A flash memory represents a non-volatile memory capable of preserving stored data from being erased after the power supply is removed. Flash memories have non-volatile characteristics that are different than a volatile memory. Flash memories have a lower degree of integration and a slower operating speed than a DRAM.
Examples of a non-volatile memory, which have been studied, include a magnetic RAM (MRAM), a ferroelectric RAM (FRAM), a phase-change RAM (PRAM), etc.
MRAMs and FRAMs have been the focus of recent research. MRAMs store data according to the change in the polarization direction of a tunnel junction. FRAMs store data using polarization characteristics of a ferroelectric layer. MRAMs and FRAMs have higher integration, faster operating speeds and increased data retention characteristics. MRAMs and FRAMs may be driven at a lower power.
PRAMs store data according to a change in the resistance value caused by a phase change of a specific material. PRAMs include a resistor and a switch (transistor). If a method of manufacturing a conventional DRAM is used to manufacture the PRAM, then etching is difficult to perform. The additional time needed to etch may lower productivity and increase unit cost of PRAM products. As such, the competitive power of PRAMs may decrease.
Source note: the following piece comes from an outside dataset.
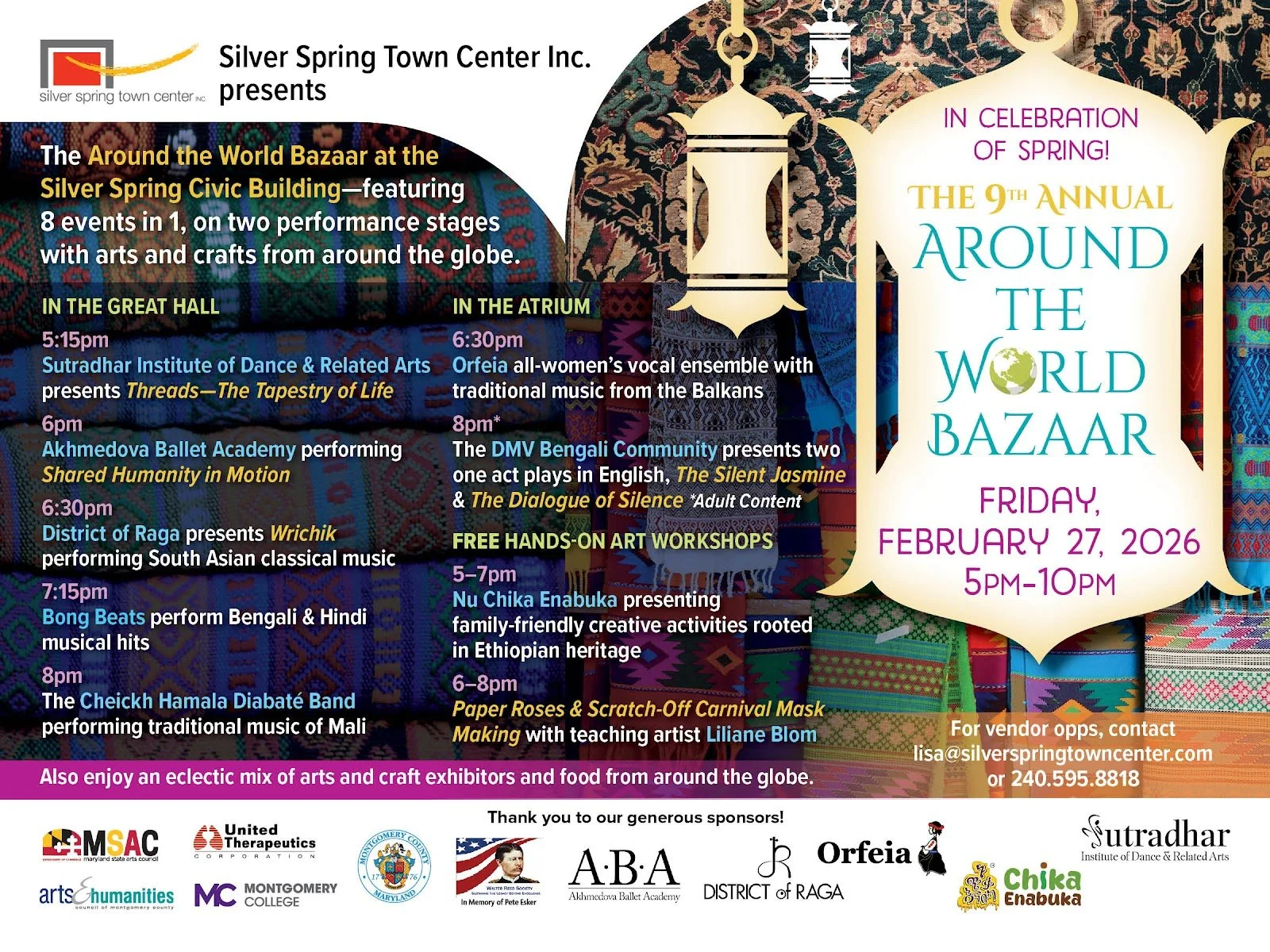 Join us at the Around the World Bazaar at the Silver Spring Civic Center Building, a vibrant celebration of global arts and culture! From 5–10 PM, explore 8 live performances across two stages, enjoy arts and crafts from around the world, and experience music, dance, and creativity for all ages.

A resistive RAM (RRAM) stores data according to a change in a variable resistance characteristic of a transition metal oxide (i.e., a resistance value varying according to voltage).
FIG. 1A is a diagram illustrating a cross-sectional view of a conventional RRAM using a conventional resistive transformation material having a conventional structure.
Referring to FIG. 1A, the conventional RRAM includes a lower electrode 11, a resistive layer 12 and an upper electrode 13, sequentially formed. The resistive layer 12 may be formed of a transition metal oxide. The lower and upper electrodes 11 and 13 may be formed of electrode materials used for a conventional semiconductor memory device.
FIG. 1B is a graph illustrating a relationship between a voltage V applied to the lower and upper electrodes 11 and 13 and a current I flowing in the resistive layer 12. The resistive layer 12 may be formed of a transition metal oxide as described above.
Referring to FIG. 1B, the voltage V was gradually increased from 0V in order to measure variations in the current flowing in the resistive layer 12. The current flowing in the resistive layer 12 gradually increases for an applied voltage between 0V and about 1V. The current flowing in the resistive layer 12 decreases in response to an increase in resistance at a voltage V of about 1V. The current flowing in the resistive layer 12 increases in response to a further increase of the voltage V. A higher resistance state of the resistive layer 12 refers to a reset state and a lower resistance state of the resistive layer 12 refers to a set state.
In FIG. 1B, the voltage applied when the set state changes into the reset state is referred to as a reset voltage RV. The reset voltage is within a range between about 0.6V and 1.2V. The highest value of a resistance SR in the set state may be 10 or more times greater than the lowest value of a resistance SR in the set state. A set voltage SV, which is applied when the reset state changes into the set state, may be within a range between 1.5V and 4.6V. As such, the set voltage SV may have a higher variation value.
As described above, the voltage and the resistance variations of the conventional RRAM are higher due to an unstable resistance level of the resistive layer 12. Reliability of the conventional RRAM decreases due to unstable set and reset voltages, etc.